§ **DATA BELOW**:
════════════════════

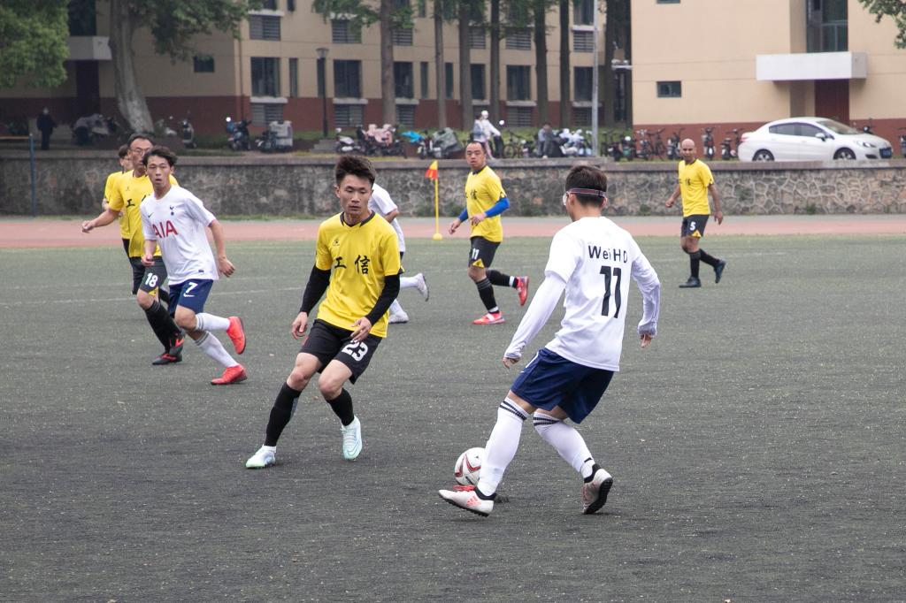 面对开场不久的失利,工信队顶住压力,积极组织反攻。第12分钟,工信队25号球员余展晖瞅准机会,直接将球传给禁区附近的7号球员沈威,沈威果断处理,直接打门,1:1,工信队将比分拉平,全场呼声沸腾,气氛热烈。
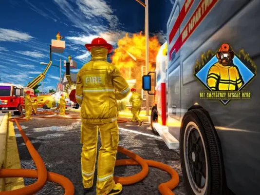 911 emergency ambulance game in which fire fighters rush to rescue in case of emergency. Fire extinguisher truck driver rescue to control emergency fire.
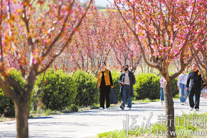 临汾新闻网讯 4月6日,游人在襄汾县尧京酒庄景区樱花大道观赏樱花。连日来,该景区樱花大道内樱花锦簇,婀娜多姿、格外迷人,与道路两旁的葡萄果园、远处的山峦梯田相映成景,美不胜收,吸引不少游客前来游玩,乐享春日美好时光。

════════════════════

Retype the data word for word and keep the pictures out of it.

 面对开场不久的失利,工信队顶住压力,积极组织反攻。第12分钟,工信队25号球员余展晖瞅准机会,直接将球传给禁区附近的7号球员沈威,沈威果断处理,直接打门,1:1,工信队将比分拉平,全场呼声沸腾,气氛热烈。
 911 emergency ambulance game in which fire fighters rush to rescue in case of emergency. Fire extinguisher truck driver rescue to control emergency fire.
 临汾新闻网讯 4月6日,游人在襄汾县尧京酒庄景区樱花大道观赏樱花。连日来,该景区樱花大道内樱花锦簇,婀娜多姿、格外迷人,与道路两旁的葡萄果园、远处的山峦梯田相映成景,美不胜收,吸引不少游客前来游玩,乐享春日美好时光。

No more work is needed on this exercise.